Recipe tips and changes:
- Use a thin regular spatula when cooking the turkey sausage. I tried to use a wooden spoon and it just stuck together and was hard to work with.
- I used part-skim mozzerella instead of swiss cheese to cut calories
- I used 1 cup egg beaters instead of the 5 regular eggs to get rid of cholesterol
- I used skim milk, not 1%
Mini Mushroom & Sausage Quiches Recipe
8 ounces turkey breakfast sausage, removed from casing and crumbled into small pieces
1 teaspoon extra-virgin olive oil8 ounces mushrooms, sliced
1/4 cup sliced scallions
1/4 cup shredded Swiss cheese
1 teaspoon freshly ground pepper
5 eggs
3 egg whites
1 cup 1% milk
1.Position rack in center of oven; preheat to 325°F. Coat a nonstick muffin tin generously with cooking spray.

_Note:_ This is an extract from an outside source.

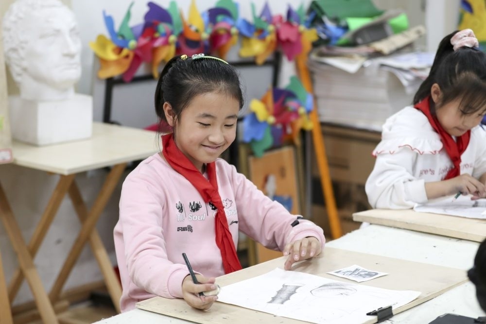 2021年10月27日,學(xué)生在黑龍江省哈爾濱市榆樹鎮(zhèn)中心校新鄉(xiāng)小學(xué)鄉(xiāng)村學(xué)校少年宮參加美術(shù)學(xué)習(xí)班。近年來,黑龍江省各地以鄉(xiāng)村小學(xué)為基礎(chǔ),大力發(fā)展鄉(xiāng)村學(xué)校少年宮,開設(shè)德育、文藝、體育、科普、手工等多種課外活動(dòng),滿足學(xué)生需求,培養(yǎng)孩子們的興趣愛好和特長(zhǎng)。

2.Heat a large nonstick skillet over medium-high heat. Add sausage and cook until golden brown, 6 to 8 minutes. Transfer to a bowl to cool. Add oil to the pan. Add mushrooms and cook, stirring often, until golden brown, 5 to 7 minutes. Transfer mushrooms to the bowl with the sausage. Let cool for 5 minutes. Stir in scallions, cheese and pepper.
3.Whisk eggs, egg whites and milk in a medium bowl. Divide the egg mixture evenly among the prepared muffin cups. Sprinkle a heaping tablespoon of the sausage mixture into each cup.
4.Bake until the tops are just beginning to brown, 25 minutes. Let cool on a wire rack for 5 minutes. Place a rack on top of the pan, flip it over and turn the quiches out onto the rack. Turn upright and let cool completely.